California is often held up as a model for climate policy, environmental legislation, and pollution regulation, but those standards are rarely reflected in frontline communities, said Hillary Angelo, a sociologist at the University of California, Santa Cruz. Angelo, who recently published a study analyzing climate plans in 170 California cities, found that local governments aren’t adequately implementing structural changes now.
“Communities on the front lines dealing with legacies of pollution, bad planning, and exclusionary practices are already confronting climate impacts directly,” she said during an interview earlier this year. Her research showed that local governments were more inclined to pass legislation with an obvious aesthetic appeal, such as tree-planting initiatives, rather than initiatives that took “histories of racial and economic injustice” into account.
“The inclusion of ‘green’ policies doesn’t seem to have any relationship to the needs in particular places,” she explained. In a place like Wilmington, it is “much harder to pass the important life-saving policies like improving public transit and affordable housing or funding contamination cleanup and renewable energy.”
Few of the Wilmington residents Rivera works with initially make the connection between the climate crisis and the issues plaguing their community. Once they do, however, it is an eye-opening experience. “Their biggest concern initially is the pollution from refineries, because it’s the more visible thing,” she said. “Then they realize its impact on their quality of life, their crumbling streets, the smells in the air. They start to put things together about how it is associated with their poor health.”
Our survey found that Wilmington’s industrial makeup hampers access to the outdoors.
Over the last four years, Rivera and other local organizers have created the Just Transition Fund to ease the impacts of life in an industrialized community. From President Joe Biden’s proposed Civilian Climate Corps to California’s Climate Jobs Plan, various attempts have been made to fund and otherwise support the nation’s shift to clean energy, but the programs tend to neglect the cumulative impacts of the country’s historical dependence on fossil fuels. The Just Transition Fund, Rivera said, would not only help fund training programs for clean energy workers and environmental remediators, it would also pump cash directly into frontline communities like Wilmington.

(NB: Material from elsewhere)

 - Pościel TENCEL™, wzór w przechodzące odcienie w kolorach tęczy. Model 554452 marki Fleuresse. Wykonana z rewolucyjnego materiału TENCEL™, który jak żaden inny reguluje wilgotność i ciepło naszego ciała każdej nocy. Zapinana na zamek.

“We need accountability,” Rivera said, “and one way to do that is by using federal funds and corporate funds to help pay for things like health care and disability coverage in places paying the price for our pollution.”
Jennifer Gomez acknowledges that programs like Rivera’s would have an immediate positive effect on Wilmington. At the same time, however, they won’t erase the past, and they certainly won’t cure those already suffering from cancer in the community.
“I told my oncologist that if I survive, I want to fight back against the refineries and pollution,” Gomez wrote in her response to our survey earlier this year. “I firmly believe it’s why I got cancer, and why my best friend died of cancer, too, as well as so many other Wilmington residents.”
Yoshira Ornelas Van Horne, an incoming assistant professor at Columbia University’s School of Public Health, served as a research advisor to the survey project. Pablo Unzueta and Grace Mahoney contributed additional reporting to this story.
Adam Mahoney is an environmental justice reporter at Capital B, a local-national nonprofit publication focused on the Black experience. He is based in Wilmington.
This article was produced as a project for the USC Annenberg Center for Health Journalism’s 2021 Data Fellowship.